From this point onwards, the performance featured guitar solo and the whole ensemble with Schembri as soloist/director.

This partnership worked very well in the interpretation, not only of this lovely work but for the rest of the concert, the first half of which ended with a fine rendering of Handel’s Concerto in A Major. This was in an arrangement by Carlos Barbosa-Lima from the original in B flat Major for harp.

The second half of the concert, dedicated to three works by Vivaldi, began with my personal favourite of them all, the Concerto in D Major arranged by Lagoya of the original for lute.
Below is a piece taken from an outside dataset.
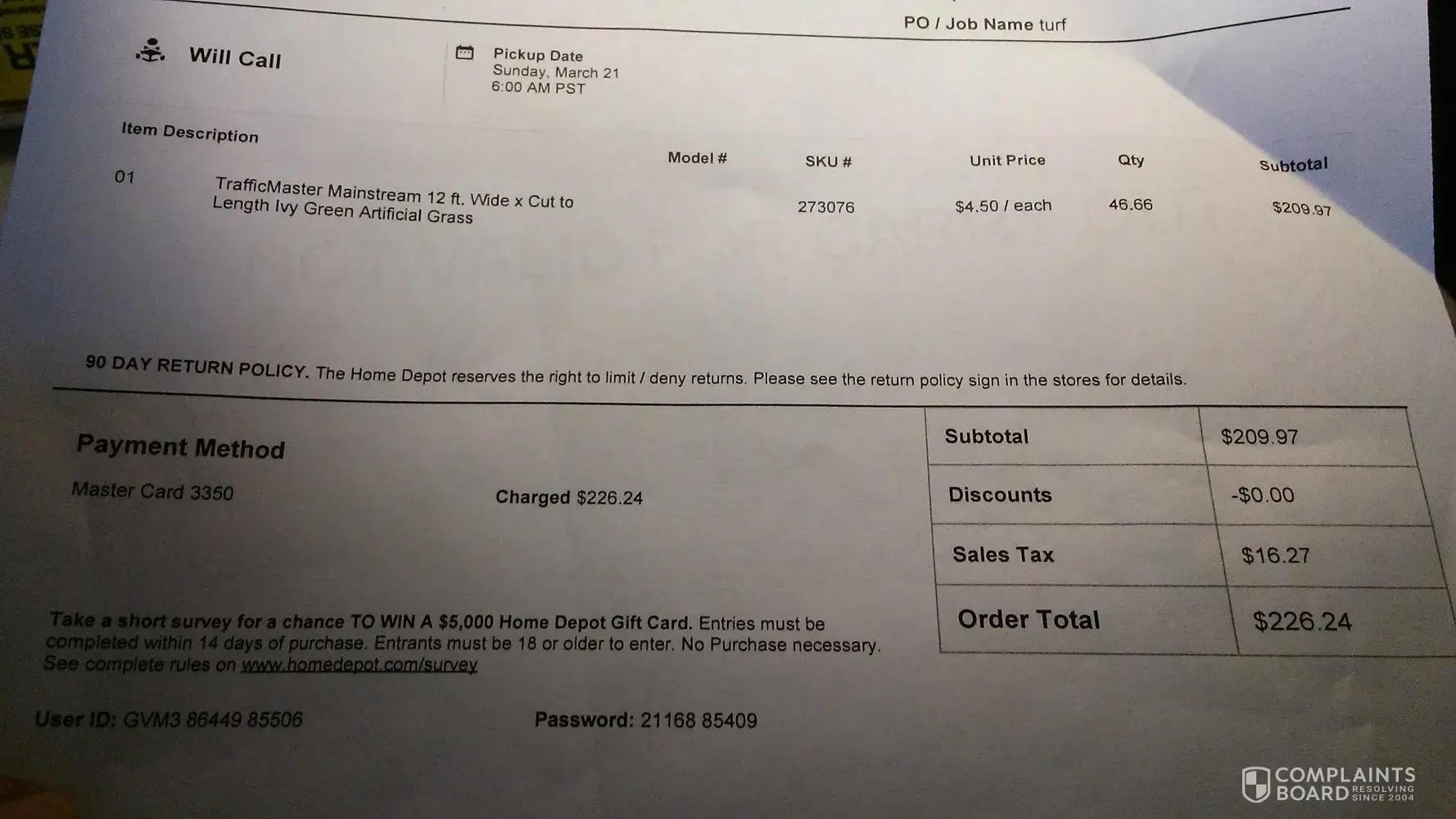 03/21/21 My girlfriend Diane ordered Traffic Master Mainstream Green Artificial Grass Thursday 03/18 for pickup Sunday. Originally we have been waiting for restock from the Simi store where I live, (Boyfriend). I spoke to the flooring person 03/18 in Simi to check stock and he told me that the T.O. Camarillo and Oxnard store had plenty. I even called the Oxnard store and was told there is plenty and have your girlfriend call and order and we'll have it ready. We needed a 40 foot roll so Diane ordered it from Oxnard which was closet to her home in Ventura and paid for it with them giving the impression they will cut and have it waiting. I had help come up from Simi Sunday morning to pick up, and prep work had been done to the ground, (leveling and lined) and after being being told earlier from your automated service there would be an email to confirm order readiness that we never received and then being placed on hold for 45 mins and shuffled around just to find out the ordered could not be filled and a rep who could care less that there is frustration leaves a bad experience and why she cancelled and we'll never recommend your Oxnard store. Poor Customer Service and Service.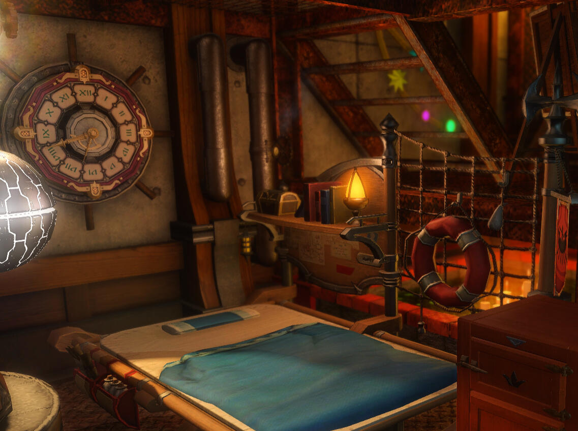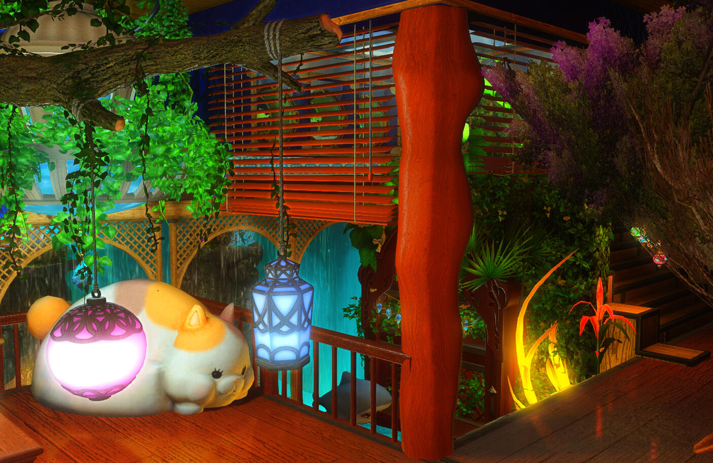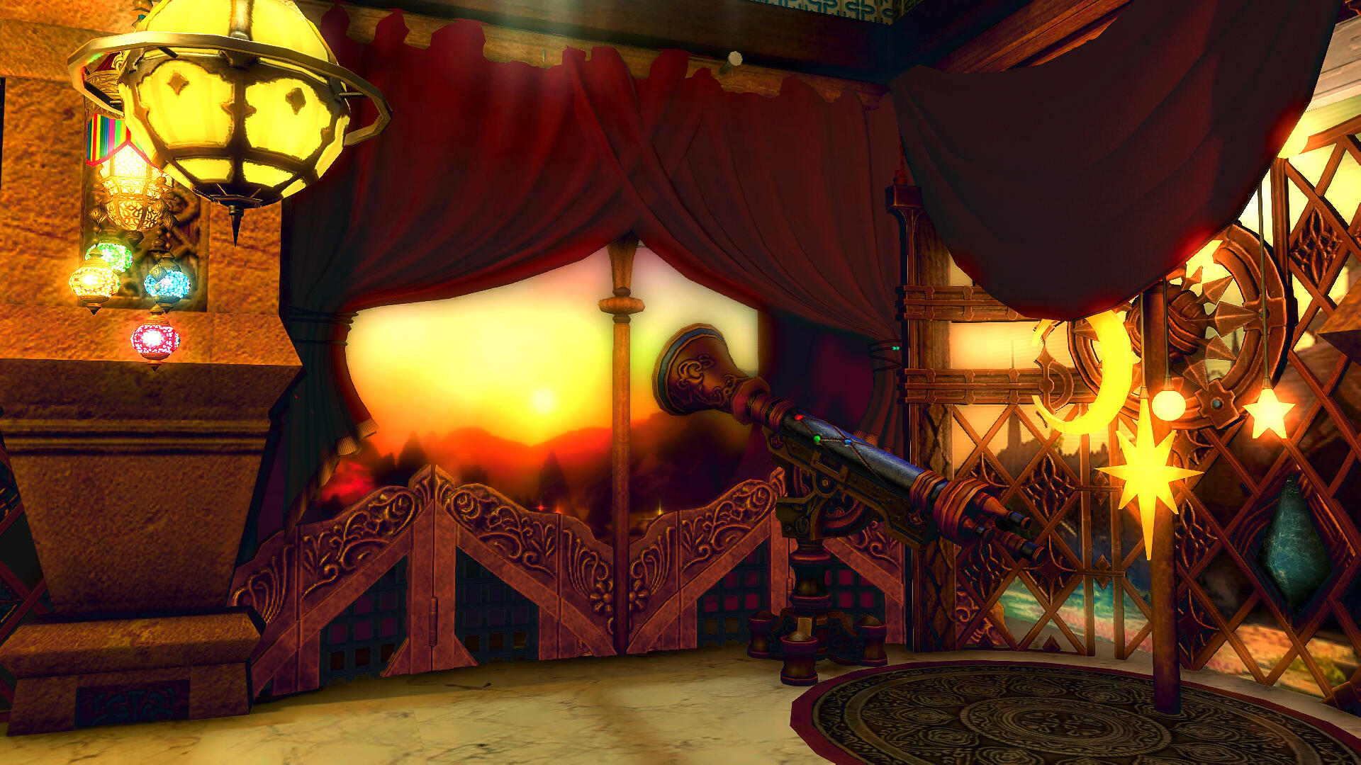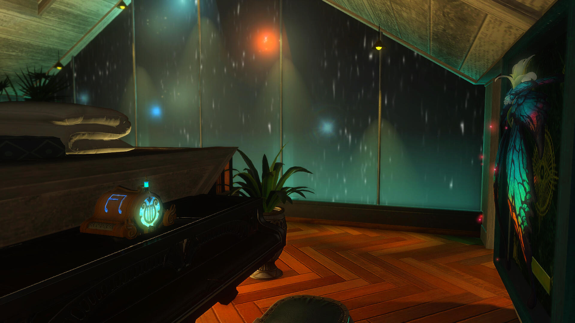 This variation on the window uses fewer slots on slats in order to maximize the feeling of an expansive night sky, hazy with light pollution and rain, but cozy nonetheless.Likewise, the shadowed balcony showcases the shifting laser beams from the base of the Miniature Golden Saucer item, giving the feeling of a city far below.Also utilized here is a pared-down version of Rem Rem's Open-View Wooden Fireplace underneath the bed, which through some careful placement, sleeps three!My favorite part of this build is how it transitions from nighttime to morning, with the dawn breaking through the stained glass panels and creeping down the bed, casting rainbow light across different textures!I feature this build as a background in Husky by the Geek's fantastic collaboration video for the 10th Anniversary of ARR!

This has what is perhaps one of the most gorgeous slow movements (a largo) in baroque music, the nature of which is molto cantabile, even if not precisely indicated as such.

It contrasts very well with the much more energetic outer movements which came across with full zest, crisp precision and technical finish.

The Concerto in A Major, arranged by Emilio Pujol from a trio Sonata for Violin, Lute and Continuo is of a completely different character, the main trait of which is a kind of subdued serenity which dominates the first two movements, the opening allegro non molto quasi andante. Hence the opening was hardly in the usual exuberant way Vivaldi begins his concertos.

The larghetto was even softer and the main contrasting voice was heard in the closing allegro.

The concert concluded with Concerto in C Major arranged by Fernand Obradous from an original for mandolin. Indeed, the arrangement is such that it is very easy to somehow perceive the shadow of that instrument. The work, like its predecessors, lends itself very well to an arrangement for guitar and the technical challenges for the soloist were deftly dealt with the usual aplomb one expects of Schembri.